The bail was granted on execution of a personal bond of Rs 10,000 with two sureties, subject to the condition of being available for investigations. Among the conditions imposed by the district court when granting bail to Chinnaiah was that “he shall not abscond” and that “he shall not give any kind of interview/ statement pertaining” to the crime to “social media or TV channels or press/newspaper”.
The court granted bail to Chinnaiah four days after the SIT filed a report in a magistrate’s court in Belthangady, in the Dakshina Kannada district, for the initiation of a perjury case against the former sanitation worker and others who allegedly created a “fake narrative”.
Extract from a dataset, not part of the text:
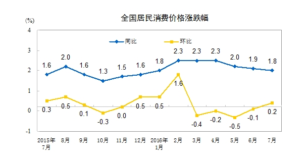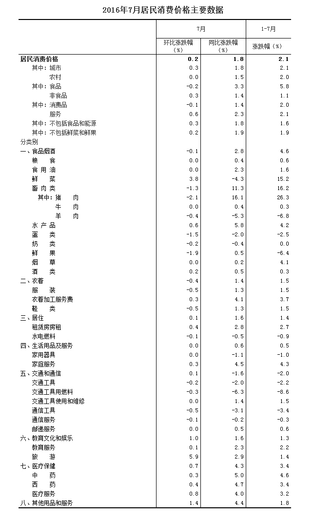 7月份,全国居民消费价格总水平环比上涨0.2%。其中,城市上涨0.3%,农村持平;食品价格下降0.2%,非食品价格上涨0.3%;消费品价格下降0.1%,服务价格上涨0.6%。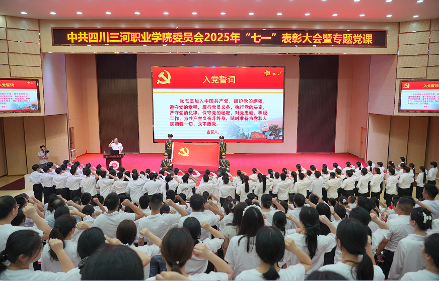 在庆祝伟大的中国共产党成立104周年之际,7月1日下午,四川三河职业学院在学术报告厅开展2025年“七一”表彰大会暨专题党课,举行隆重的预备党员入党宣誓仪式、“两优一先”表彰、党委书记讲专题党课,全校党员、发展对象、教职工入党积极分子350余人参加大会,大会由党委副书记王华主持。

The SIT filed the report under Section 215 of the Bharatiya Nagarik Suraksha Sanhita (BNSS) on November 20 before a Belthangady magistrate, seeking initiation of process under Section 379 of BNSS for perjury, SIT sources said. The filing of a report under section 215 of the BNSS will allow the initiation of perjury charges against Chinnaiah and others alleged in the SIT report, sources said.
The filing of a report under section 215 of the BNSS itself came on the heels of the Karnataka High Court lifting a stay on investigations in the secret burials case on November 12.
The police said the former sanitation worker was allegedly part of a conspiracy hatched by several activists in the region, including former right-wing activists Mahesh Thimmarody and Girish Mattanavar; left-wing activist Jayanth T, and Vittal Gowda, to target the Dharmasthala temple authorities.
Girish Mattannavar, Mahesh Thimmarody, Jayanth T, and Vittal Gowda approached the HC on October 30 to quash the FIR in the case, which was based on Chinnaiah’s complaint. The activists have not been accused in the original case but are likely to be named if the courts order the initiation of a perjury case.
The allegations of secret burials created a sensation in Karnataka earlier this year after the sanitation worker appeared before the police with a skull in an effort to prove his claims of participating in secret burials in the 1998-2014 period when he worked in Dharmasthala.
The claims came amid conspiracy theories circulating about the family of the temple administrators at Dharmasthala, currently headed by Veerendra Heggade, a BJP-allied Rajya Sabha member.
Chinnaiah produced a skull that he claimed was part of the “secret burials” he had conducted at the temple town. SIT investigations, however, revealed that the skull was given by an uncle of a 2012 teenage rape and murder victim in the region.
The 2012 murder probe did not stand up to legal scrutiny, and no one was found guilty in the end due to the tampering of evidence despite probes by the Central Bureau of Investigation (CBI), Criminal Investigation Department (CID) and the local police.
The complainant, who worked as a sanitation worker in Dharmasthala from 1995 to 2014 and whose identity remained protected initially, claimed that he witnessed some murders being committed in a “cruel manner” and that he was subsequently forced to dispose of the bodies.
“I have buried hundreds of bodies and the final rites were not performed respectfully. The guilt is haunting me and I believe that the final rites should be performed to pave a respectful farewell to the deceased,” he said in a letter sent to the police through advocates ahead of the filing of the case.